I loved seeing a lot of cosplay friends I’ve met through Instagram. (And quite the accomplishment for one as introverted as me) All told, it just feels like I didn’t do a whole lot before the weekend was over. I did get some killer pictures of two of my favorite cosplays- my old standby, Haruko from FLCL, and a dream debut of Sesshomaru from Inuyasha. I’m so grateful that my boyfriend is patient enough to help me get around with my cosplays and be my personal photographer. He has a really good eye. And I think my editing is starting to improve.

That being said, I’m ready for a break. I love cosplay and I’m sure I’ll always participate in some fashion for a long time yet, but I can’t see myself doing another big build like Sesshomaru anytime soon. I always underestimate how complicated these builds will be and they never get done on schedule. I was supposed to have it completely finished by Halloween so it wouldn’t interfere with my participation in NaNoWriMo. But work was so hectic in October with working six day weeks, I didn’t make it. Then, since I had underestimated its complexity, I tried to do the build and NaNo and ending up having to almost drop NaNo entirely and still ended up finishing the build the night before the con. Never again. I can’t be both a writer and a crafter. They both take up way too much time on top of working full time. I can only do one- and I know that. I want to focus on writing. Which means cosplay has to be shelved for a while. And I’m fine with that! I have plenty of costumes I can re-wear if I want to go to a con, plus I love just running around and taking photos.
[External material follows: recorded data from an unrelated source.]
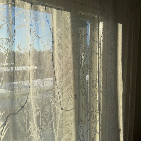 Myydään valko-harmaa sävyiset ihanat maalaisromanttiset sivuverhot.Merkki Jotex
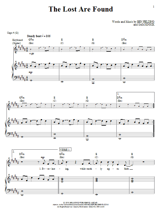 Download or print Hillsong United The Lost Are Found sheet music, chords and digital score arranged for Piano, Vocal & Guitar Chords (Right-Hand Melody). This Pop score includes 6 page(s).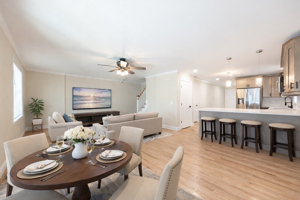 NEW STUNNING 3 BEDROOMS, 2.5 BATH TOWNHOUSE W/ ONE CAR GARAGE. BUILT WITH GREAT ATTENTION TO DETAIL. FEATURING A SPACIOUS GRANITE KITCHEN W/ STAINLESS STEEL APPLIANCES. BREAKFAST BAR OPEN TO DINING/ LIVING ROOM. HARDWOODS THROUGHOUT, CROWN MOLDING, PRIMARY BEDROOM W/ PRIVATE BATH AND LOTS OF CLOSET SPACE. 2ND FLOOR LAUNDRY - WASHER/ DRYER INCLUDED, CENTRAL AIR. IRRIGATION SYSTEM, MUST SEE! WALK TO TRAIN! CLOSE TO HIGHWAY AND SHOPPING. NO CONDO FEE!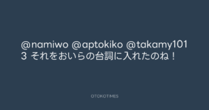 Koyo Maeda @koyomaeda – 12:34・2011年4月15日 2011 4/15 前田耕陽 2011-04-15 @namiwo @aptokiko @takamy1013 それをおいらの台詞に入れたのね! Source:https://x.com/koyomaeda/status/58734975234752513 text X Post 前田耕陽 前田耕陽 この記事が気に入ったら フォローしてね! Follow @OtokoTimes1988 よかったらシェアしてね! URLをコピーしました! 寺岡呼人 @yohito_teraoka - 11:15・2011年4月15日 Koyo Maeda @koyomaeda - 12:34・2011年4月15日 関連記事 Artist 前田耕陽 1968.08.16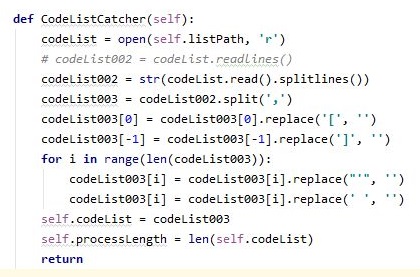 그리고 나서 다음으로 진행해야 할 것으로는 위 스클니샷과 같이 일단 코드 리스트를 txt파일로 부터 가지고 오는 메서드를 하나 만들어 주는 것 입니다.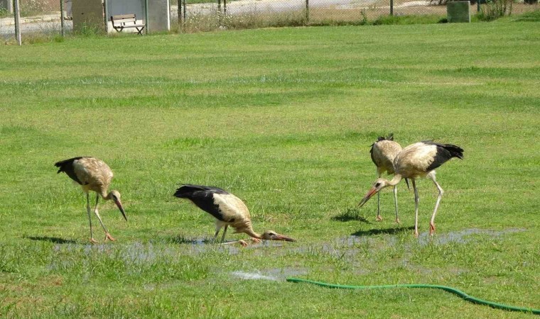 Sarılar Mahallesi’nde uzun yıllardır Şelale yolu üzeri Hüseyin Efendi Caddesi’nde elektrik direğine yuva kuran leylekler, bunaltıcı sıcaktan korunmanın yolunu Sarılar futbol sahasında buldu. Futbol sahasına gelen anne-baba ve bu yıl dünyaya gelen 2 yavrudan oluşan leylek ailesi, sahanın çimleri arasında solucan başta olmak üzere yiyecek ararken, sıcağın etkisinden yakınlarına kadar insanların yaklaşmasını umursamıyor.
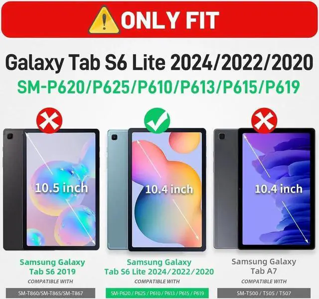 [Compatibility]: Exclusively designed for the Galaxy Tab S6 lite 10.4 inch 2024/2022/2020 tablet(Model: SM-P620/SM-P625/SM-P627/SM-P610/SM-P615/SM-P613/SM-P619). Please check the model number before purchasing. Go to "Settings" > "About" > "Model Number", you'll see the model number: SM-P6**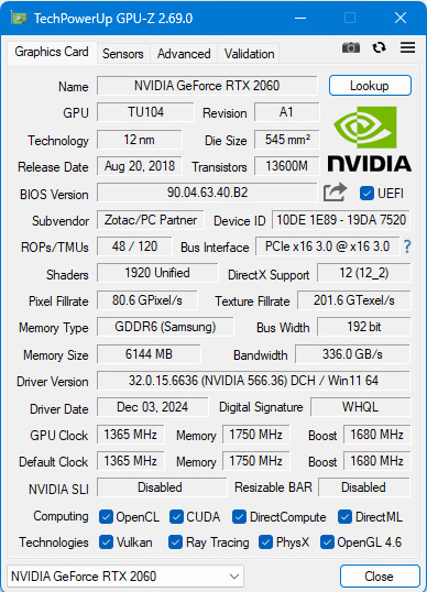 ZOTAC GAMING GeForce RTX 2060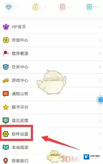 1、打开看漫画app后,在我的界面点击“软件设置”功能。
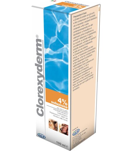 Clorexyderm - SOLUZIONE 4% - Descrizione - Coadiuvante della shampoo - terapia in corso di piodermiti profonde, dermatite delle pliche cutanee e dermatofitosi; - Disinfettante della cute con azione umettante ed emolliente; - Disinfettante per l'asepsi chirurgica del paziente e del chirurgo; - Deter… ...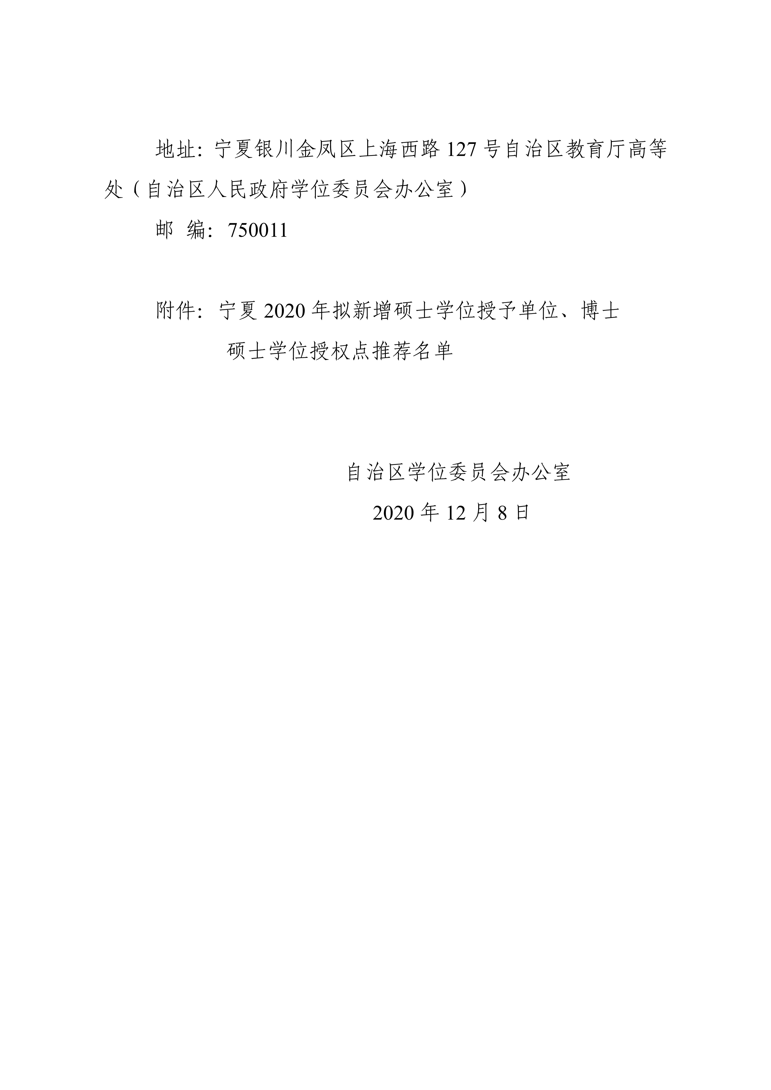 以上就是小编整理“2020硕士新增学位点:关于对2020年宁夏拟新增硕士学位授予单位、拟新增博士硕士学位授权点推荐名单进行公示的公告”的全部内容,想了解更多相关信息请持续关注研线网!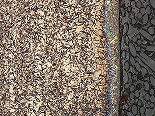 用顯微鏡觀察經過上述製作過程,正確製作的試料研磨面。放大組織,巧妙調整焦距,觀察輸入熱造成的組織變化。但非金屬夾雜物或石墨球化、鐵氧體、波來鐵等面積率等高水準的量測,就必須改用專用軟體。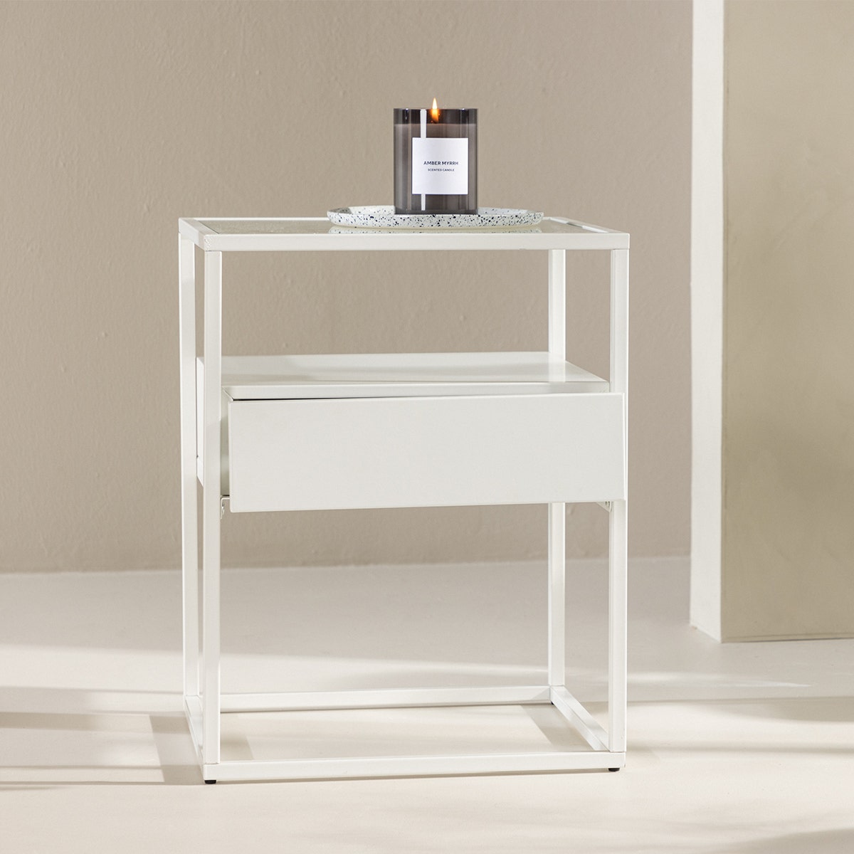Met het strakke ontwerp en de hoogwaardige materialen biedt dit bijzettafeltje niet alleen functionaliteit, maar ook stijl aan elke ruimte. De bijzettafel is gemaakt van metaal en is ontworpen met een vierkante vorm. Dankzij de slanke frameconstructie oogt de tafel erg ruimtelijk. De bijzettafel is afgewerkt met een glazen tafelblad. Deze combinatie van materialen geeft het tafeltje een moderne uitstraling. Onder het blad zit een handige lade, zodat je kleine spullen netjes uit het zicht kan houden. Ook het open vak kan je gebruiken om spullen neer te leggen. Hierdoor is de Dinand bijzettafel natuurlijk ook erg geschikt om als nachtkastje te gebruiken.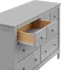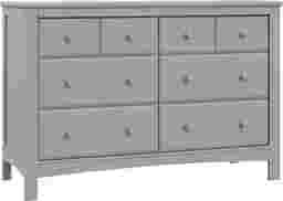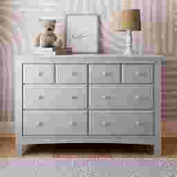 The Elun 6-Drawer Double Dresser is a versatile, space-saving piece that enhances the look of any nursery or bedroom. It features a new, simplified assembly process that saves time and requires fewer steps and tools. Made from strong, high-quality wood and composites, this dresser includes Euro-glide drawer glides. The Elun meets or exceeds all federal safety standards and complies with federal anti-tipping regulations. It is also backed by a 1-year limited manufacturer's warranty. Customer assembly is required.
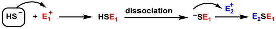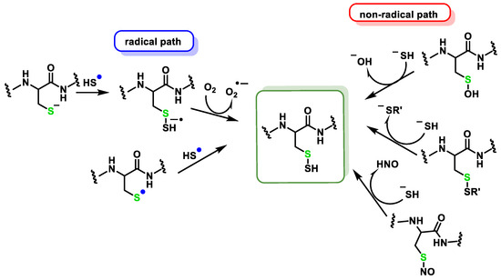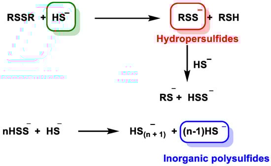 - Cuevasanta, E.; Lange, M.; Bonanata, J.; Coitiño, E.L.; Ferrer-Sueta, G.; Filipovic, M.R.; Alvarez, B. Reaction of Hydrogen Sulfide with Disulfide and Sulfenic Acid to Form the Strongly Nucleophilic Persulfide. J. Biol. Chem. 2015, 290, 26866–26880. [Google Scholar] [CrossRef] [PubMed]
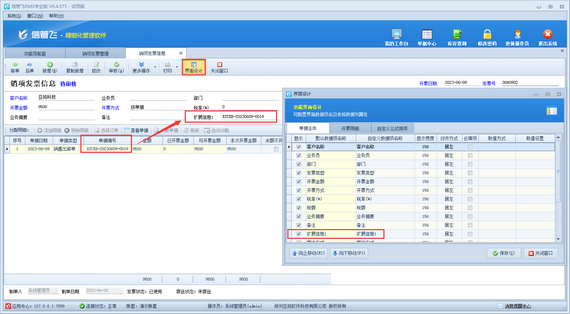 參數配置完成后,在功能導航窗點擊“往來管理”—》“銷項發票管理”打開銷項發票管理界面,點擊“新增發票”按鈕打開新增銷項發票界面,工具欄點擊“界面設計”將“單據主體.擴展信息1”勾選顯示出來,然后填開發票保存后,發票關聯的銷售單單據編號即可自動提取到“單據主體.擴展信息1”數據項內顯示,如下圖所示。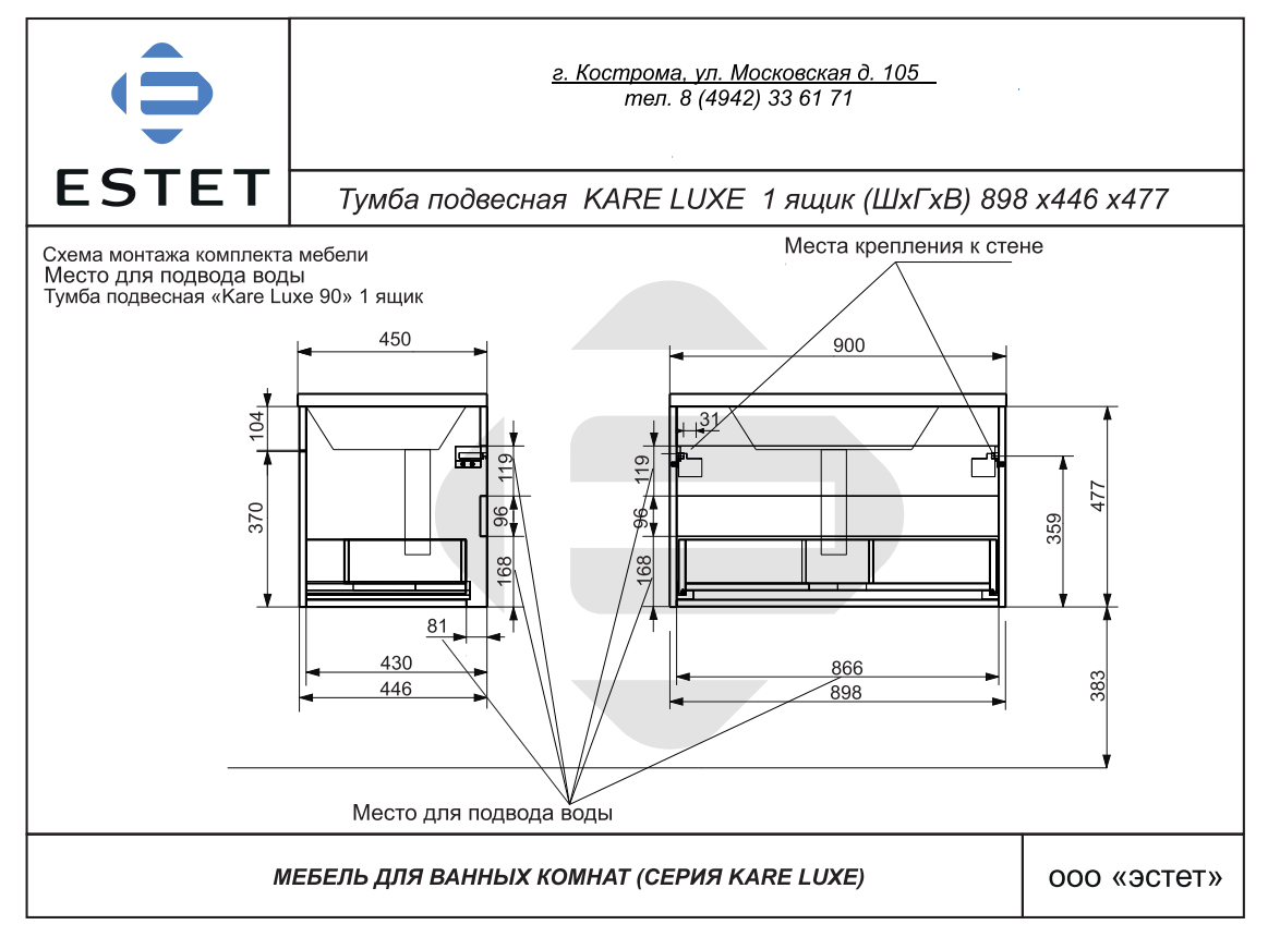 Тумба с раковиной подвесная Эстет Kare Luxe 90 см 1ящ ФР-00015245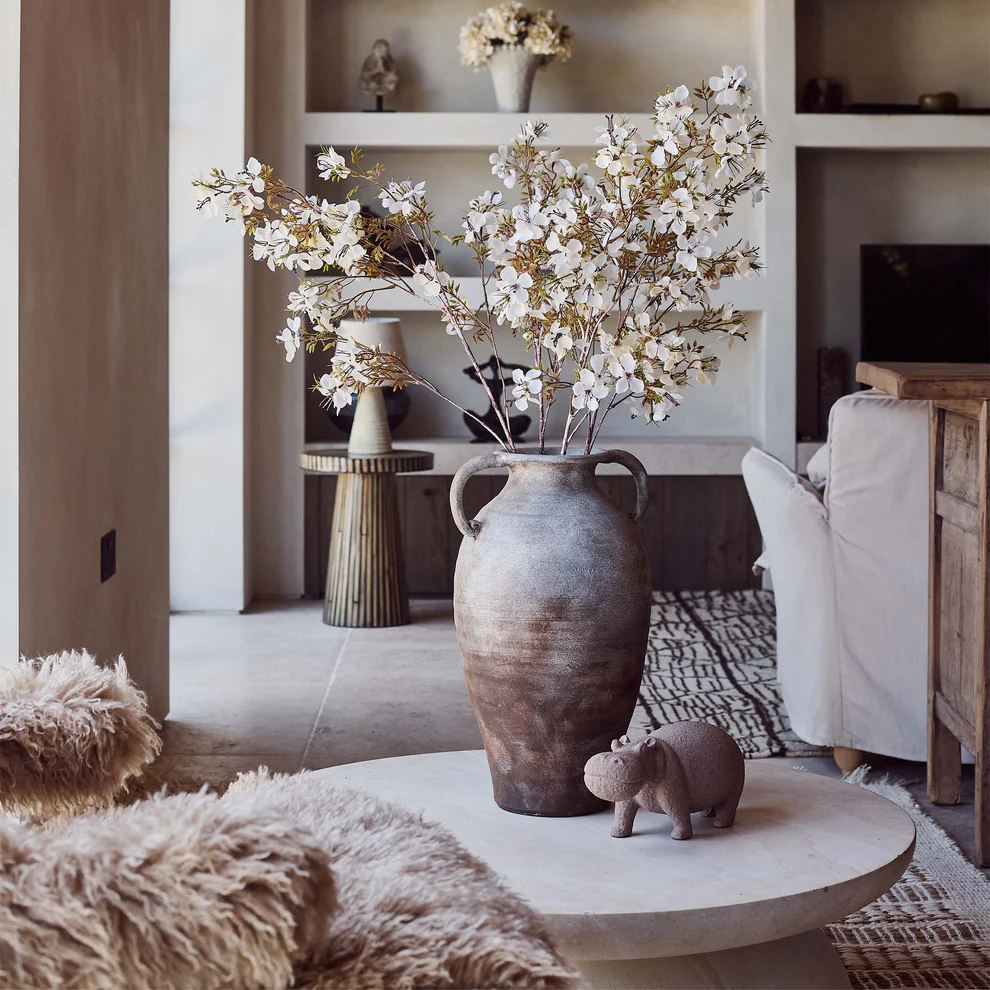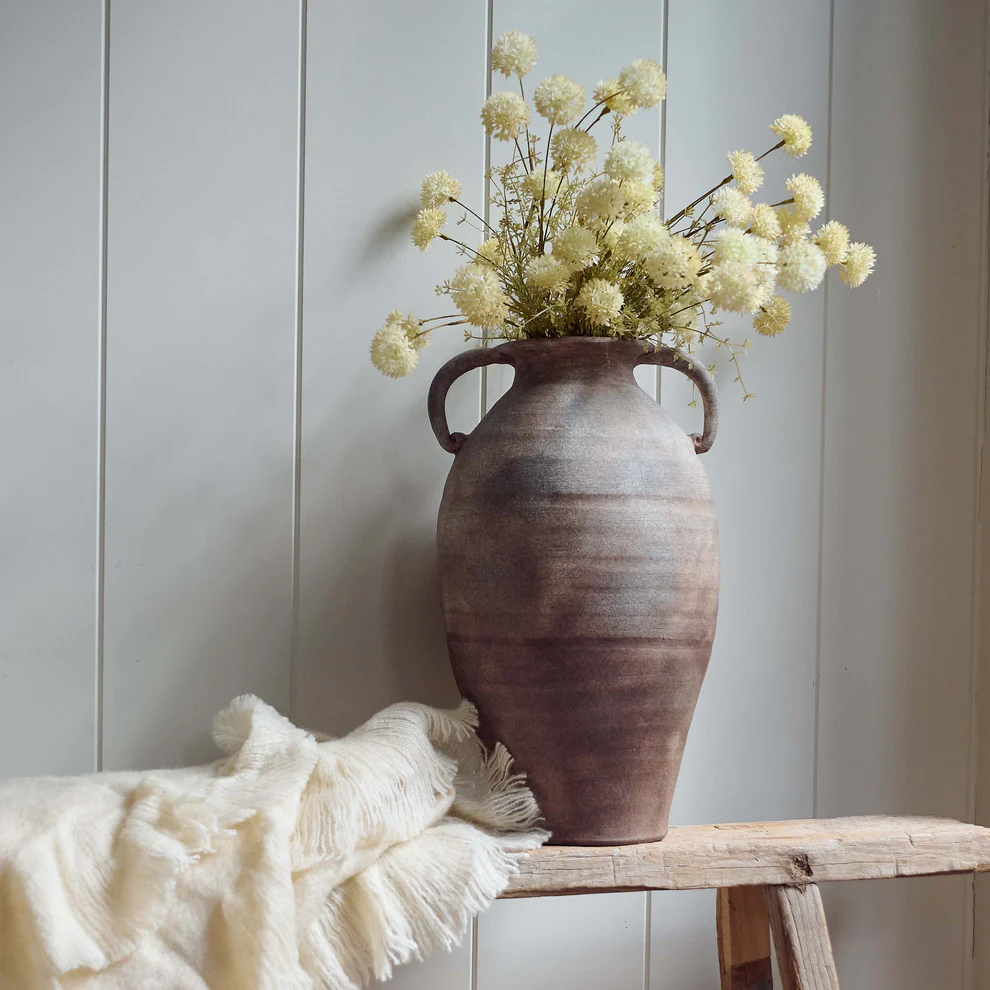 This sculptural Romy Terracotta Vase has a classic shape and elegantly finished in a speckled brown glaze won’t fail to add a show-stopping focal point to your home decor.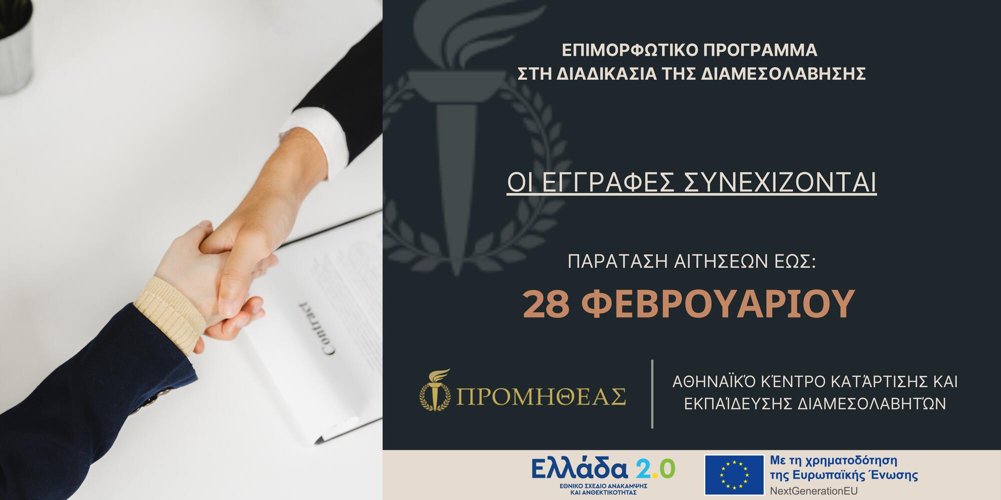Το Αθηναϊκό Κέντρο Κατάρτισης και Εκπαίδευσης Διαμεσολαβητών (Α.Κ.Κ.Ε.Δ.) – «ΠΡΟΜΗΘΕΑΣ» ανακοινώνει νέο Κύκλο Βασικής Εκπαίδευσης Διαμεσολαβητών συνολικής διάρκειας 80 ωρών, σύμφωνα με τα προβλεπόμενα στο Ν. 4640/2019. Οι συμμετέχοντες που θα παρακολουθήσουν το Πρόγραμμα της Βασικής Εκπαίδευσης διάρκειας 80 ωρών και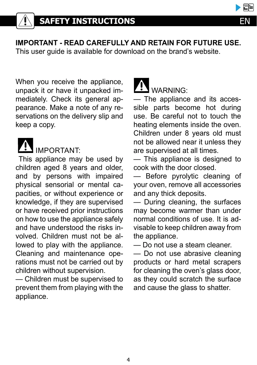 IMPORTANT - READ CAREFULLY AND RETAIN FOR FUTURE USE. This user guide is available for download on the brand's website. When you receive the appliance, unpack it or have it unpacked im- mediately. Check its general ap- pearance. Make a note of any re- servations on the delivery slip and keep a copy. EN IMPORTANT: This appliance may be used by children aged 8 years and older, and by persons with impaired physical sensorial or mental ca- pacities, or without experience or knowledge, if they are supervised or have received prior instructions on how to use the appliance safely and have understood the risks in- volved. Children must not be al- lowed to play with the appliance. Cleaning and maintenance ope- rations must not be carried out by children without supervision. — Children must be supervised to prevent them from playing with the appliance. EN rune: — The appliance and its acces- sible parts become hot during use. Be careful not to touch the heating elements inside the oven. Children under 8 years old must not be allowed near it unless they are supervised at all times. — This appliance is designed to cook with the door closed. — Before pyrolytic cleaning of your oven, remove all accessories and any thick deposits. — During cleaning, the surfaces may become warmer than under normal conditions of use. lt is ad- visable to keep children away from the appliance. — Do not use a steam cleaner. — Do not use abrasive cleaning products or hard metal scrapers for cleaning the oven's glass door, as they could scratch the surface and cause the glass to shatter.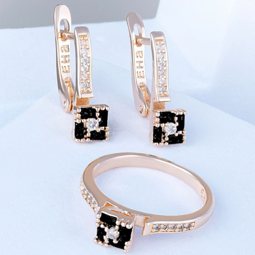 Комплект ювелирной бижутерии коллекция "Дубай" серьги и кольцо 19 р, покрытие позолота, вставка: фианиты, цвет: прозрачный и черный, арт.214.982-19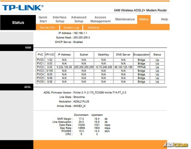 حال که توانستیم IP مودم را به دست آوریم با زدن این IP در پنل مرورگر، وارد تنظیمات مودم شوید (تصویر2).

I’m sure I’ll get bit by the build bug again someday, but writing has to come first if I want to seriously pursue my dream of being published.

So while I’m very proud of my cosplay this past weekend, I’m ready to switch gears. NaNo was bit of a loss, though not terribly surprising given my track record. I’ll still write the rest of the week for whatever its worth, but it just means I need to work that much harder in December. I want to get my book ready for querying in the new year and I’m honestly excited to get to work. I refuse to be discouraged or down on myself anymore. It doesn’t accomplish anything. I can’t change the past, I can only focus on moving forward.

Summer’s End

Summer’s End

How is it even remotely possible that we’re approaching the end of September already? If time keeps scootin’ by this fast, I’ll be sent into an existential crisis where I’m forced to examine the fleeting quality of life itself and stare into the face of my own mortality.

Also, I’ve been really, super busy.

Still makin’ progress on my rough draft! I wanted to be done with part four by month’s end and, while it’s still possible I make that deadline, this piece is also becoming a bit unwieldy. I was aiming for it to be around 45ish pages when finished, and right now it’s sitting in the mid-sixties. I’m not sure if that’s really where it’s going to land since it’s back-loaded with a lot of content that needs to be cut, but I also have some to add so…hard to say.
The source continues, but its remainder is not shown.